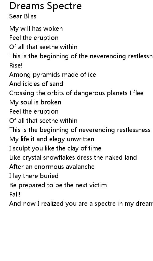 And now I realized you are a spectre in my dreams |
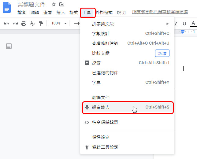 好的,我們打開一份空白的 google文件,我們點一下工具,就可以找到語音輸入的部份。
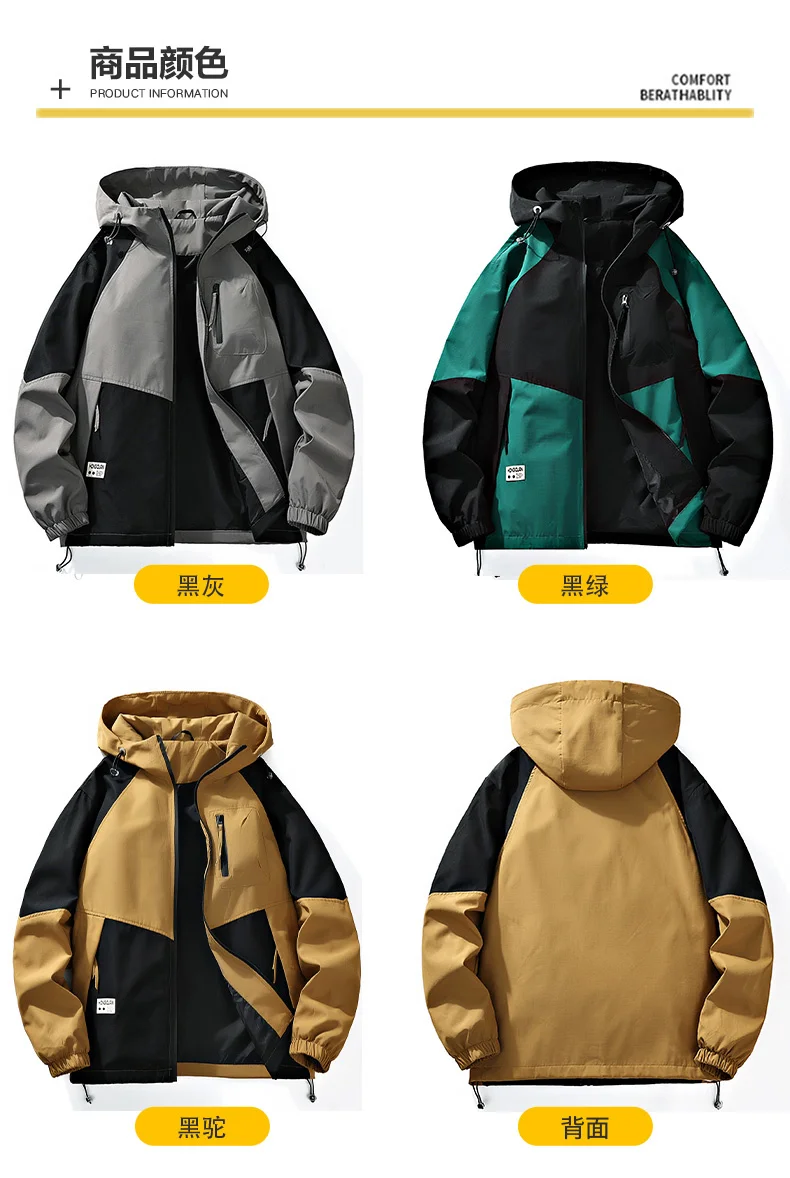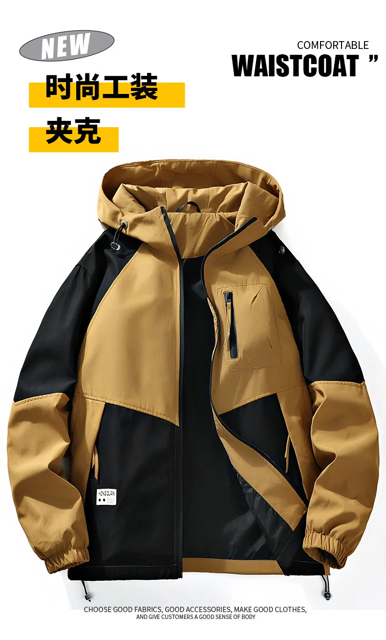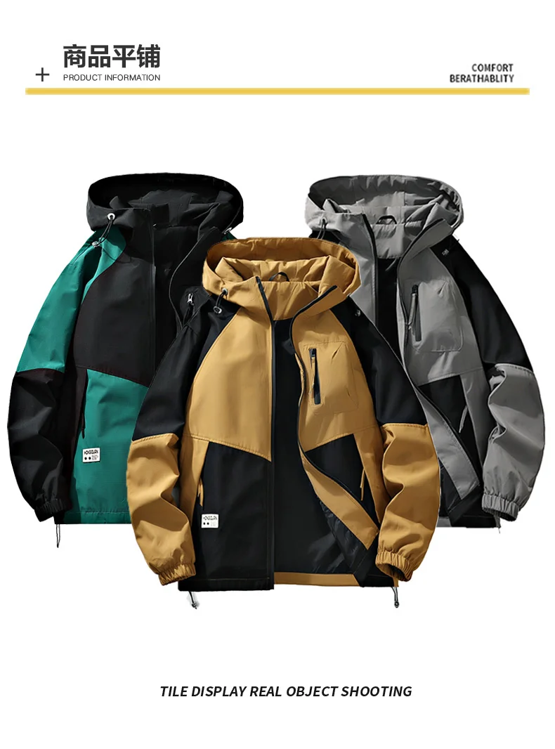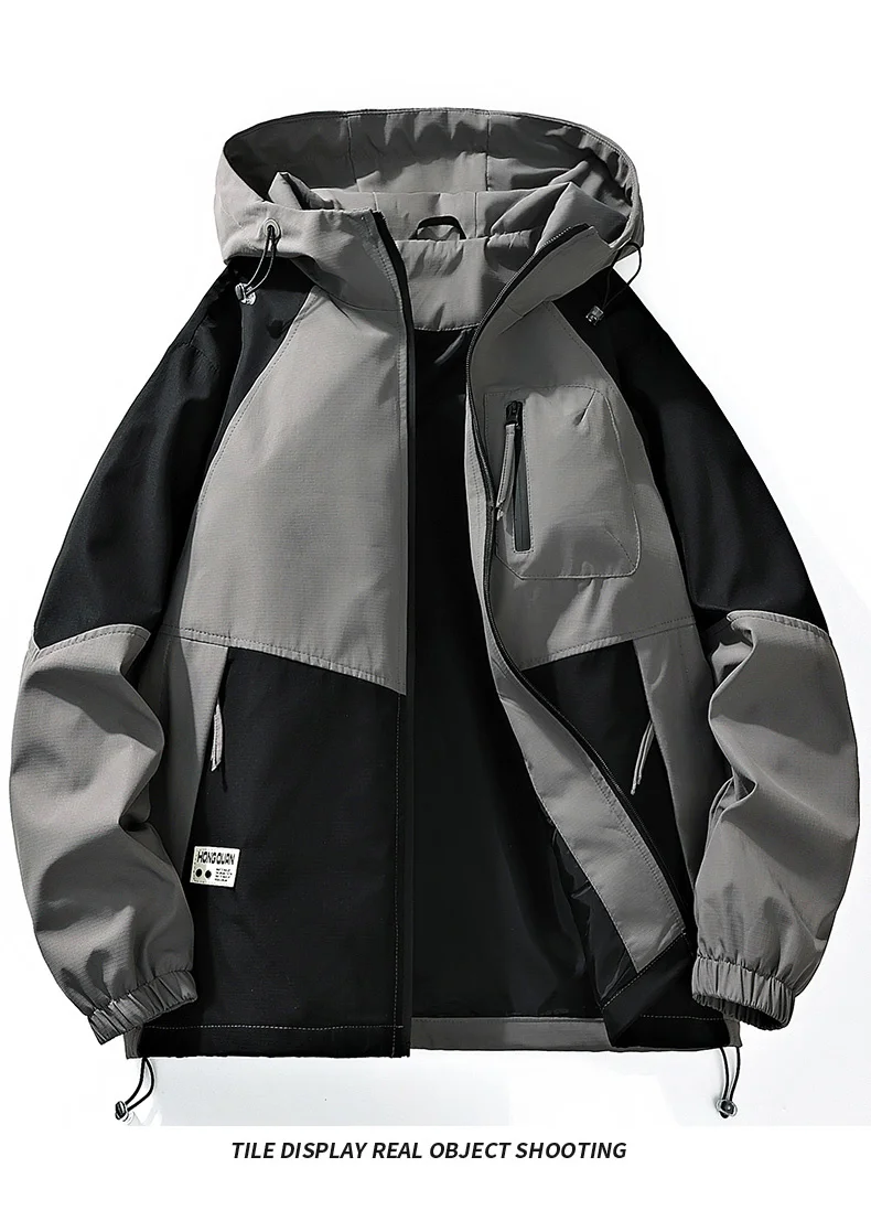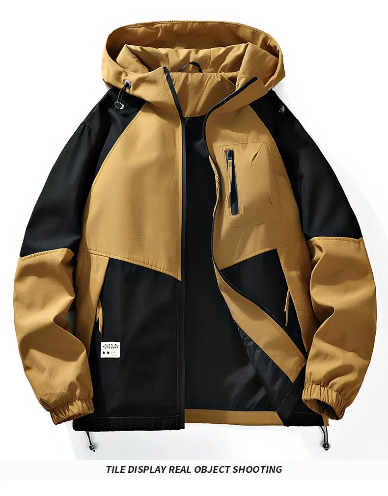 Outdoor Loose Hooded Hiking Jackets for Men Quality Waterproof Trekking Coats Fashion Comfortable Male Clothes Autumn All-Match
==============================
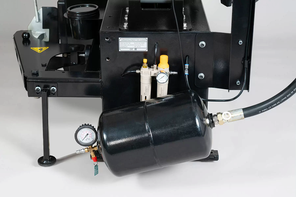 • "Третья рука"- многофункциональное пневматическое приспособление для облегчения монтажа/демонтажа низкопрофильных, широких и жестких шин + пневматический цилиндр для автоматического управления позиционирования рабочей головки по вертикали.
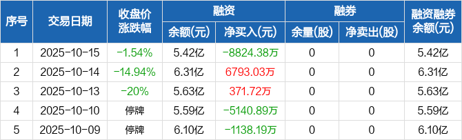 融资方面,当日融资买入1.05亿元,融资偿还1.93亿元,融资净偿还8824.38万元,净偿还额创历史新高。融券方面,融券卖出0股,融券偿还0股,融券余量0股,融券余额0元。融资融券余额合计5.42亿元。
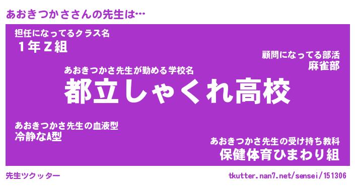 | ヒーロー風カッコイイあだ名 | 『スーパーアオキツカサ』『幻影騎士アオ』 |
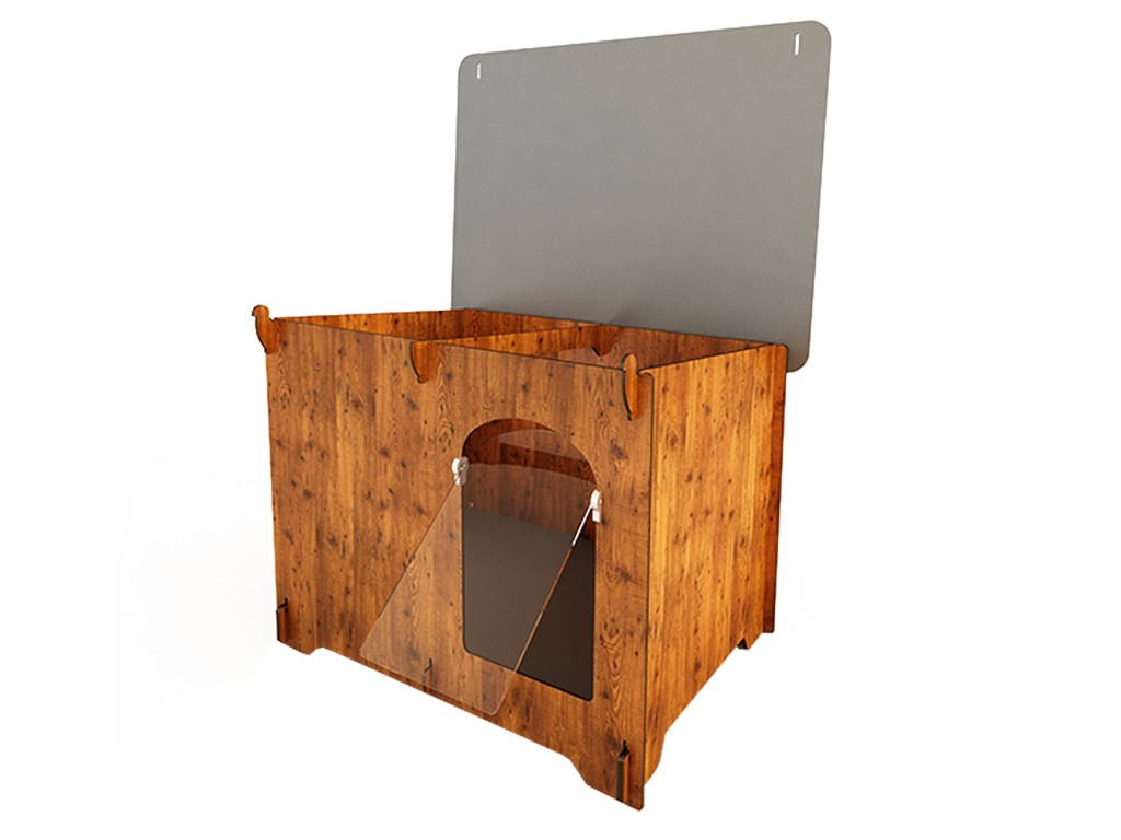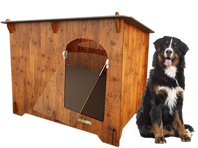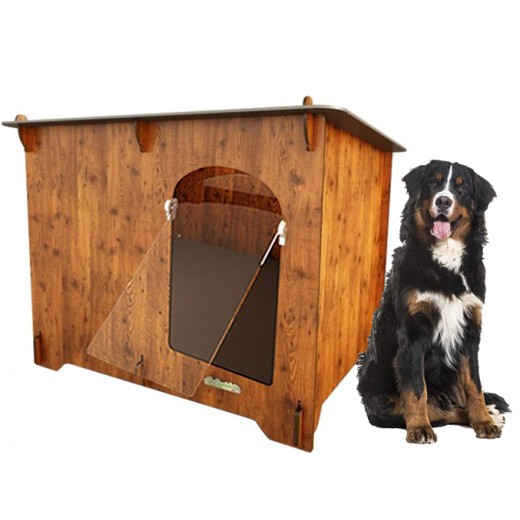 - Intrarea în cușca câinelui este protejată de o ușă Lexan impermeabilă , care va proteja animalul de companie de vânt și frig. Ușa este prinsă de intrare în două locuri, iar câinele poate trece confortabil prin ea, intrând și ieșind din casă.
==============================
**Problem description:**
Would you set down only the lines above from the line with "融资方面,当日融资买入1.0" to the line with "- Intrarea în", both included, exactly as they stand and without the pictures?

**Your response:**
 融资方面,当日融资买入1.05亿元,融资偿还1.93亿元,融资净偿还8824.38万元,净偿还额创历史新高。融券方面,融券卖出0股,融券偿还0股,融券余量0股,融券余额0元。融资融券余额合计5.42亿元。
 | ヒーロー風カッコイイあだ名 | 『スーパーアオキツカサ』『幻影騎士アオ』 |
 - Intrarea în cușca câinelui este protejată de o ușă Lexan impermeabilă , care va proteja animalul de companie de vânt și frig. Ușa este prinsă de intrare în două locuri, iar câinele poate trece confortabil prin ea, intrând și ieșind din casă.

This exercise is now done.